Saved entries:
Start of Block

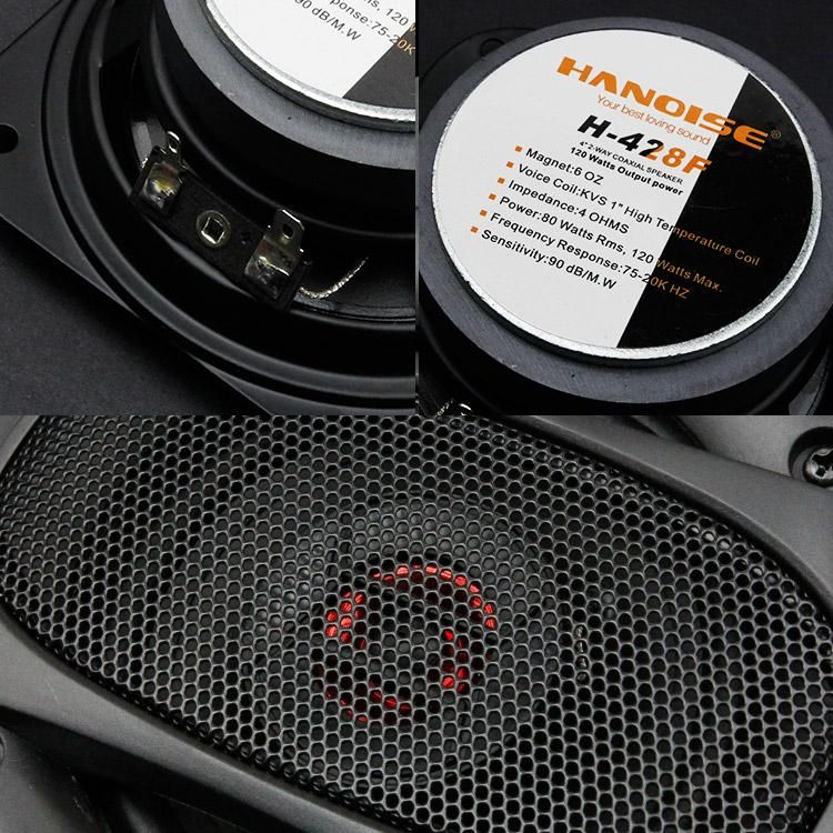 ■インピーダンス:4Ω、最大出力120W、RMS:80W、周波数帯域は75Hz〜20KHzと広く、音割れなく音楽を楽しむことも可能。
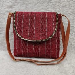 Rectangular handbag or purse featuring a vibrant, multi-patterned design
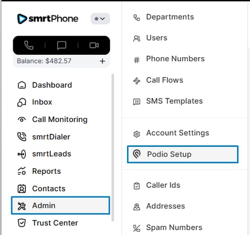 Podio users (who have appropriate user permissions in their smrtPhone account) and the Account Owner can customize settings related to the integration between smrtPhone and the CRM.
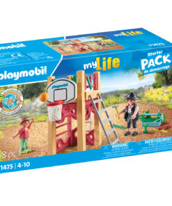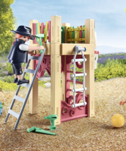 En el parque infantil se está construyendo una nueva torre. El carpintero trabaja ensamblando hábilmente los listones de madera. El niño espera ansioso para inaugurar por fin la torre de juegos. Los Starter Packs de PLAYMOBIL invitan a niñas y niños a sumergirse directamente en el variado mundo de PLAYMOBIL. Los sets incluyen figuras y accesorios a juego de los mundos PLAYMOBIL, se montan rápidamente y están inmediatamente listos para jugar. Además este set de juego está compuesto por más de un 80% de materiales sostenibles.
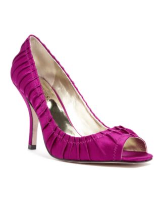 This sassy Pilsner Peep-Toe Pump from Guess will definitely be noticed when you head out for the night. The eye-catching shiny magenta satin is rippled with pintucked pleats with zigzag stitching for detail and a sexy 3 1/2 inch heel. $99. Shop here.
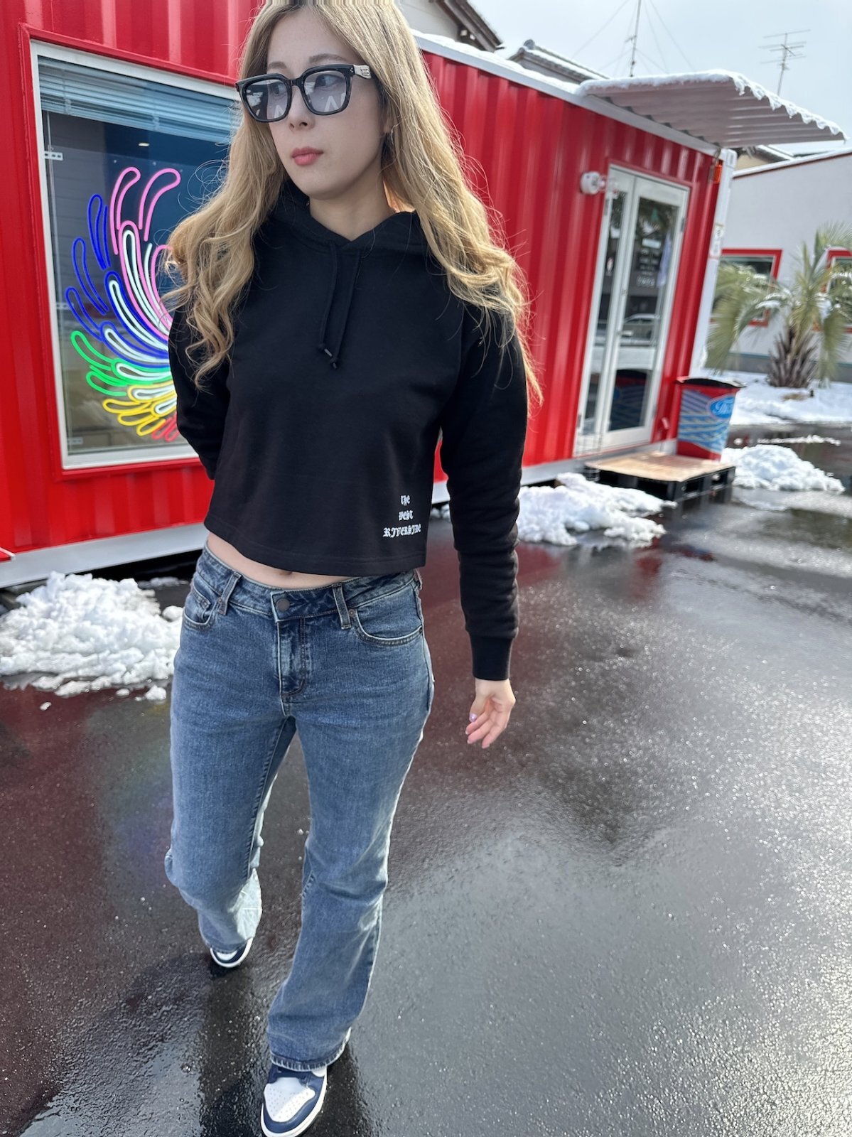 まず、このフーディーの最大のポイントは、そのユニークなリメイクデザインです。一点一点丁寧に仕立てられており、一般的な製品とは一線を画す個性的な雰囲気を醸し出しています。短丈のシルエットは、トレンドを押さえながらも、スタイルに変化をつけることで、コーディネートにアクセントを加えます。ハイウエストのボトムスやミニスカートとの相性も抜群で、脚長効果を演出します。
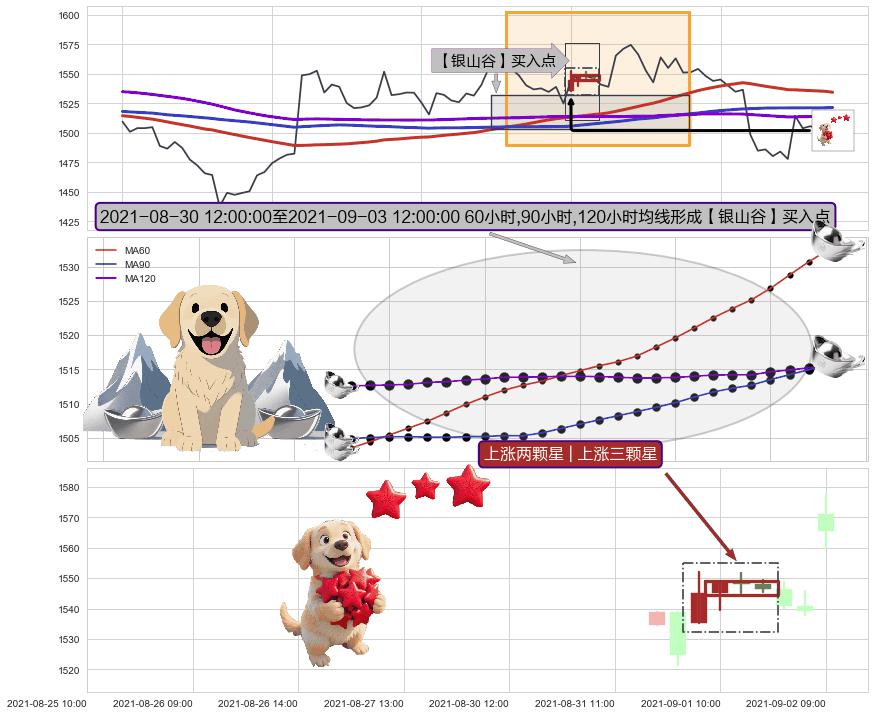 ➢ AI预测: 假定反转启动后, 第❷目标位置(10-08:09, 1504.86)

End of Block

Please give back exactly the lines from the first line of the records above through the line containing "Rectangular handbag or", only those and both included, with the pictures removed.

> Result below:
 ■インピーダンス:4Ω、最大出力120W、RMS:80W、周波数帯域は75Hz〜20KHzと広く、音割れなく音楽を楽しむことも可能。
 Rectangular handbag or purse featuring a vibrant, multi-patterned design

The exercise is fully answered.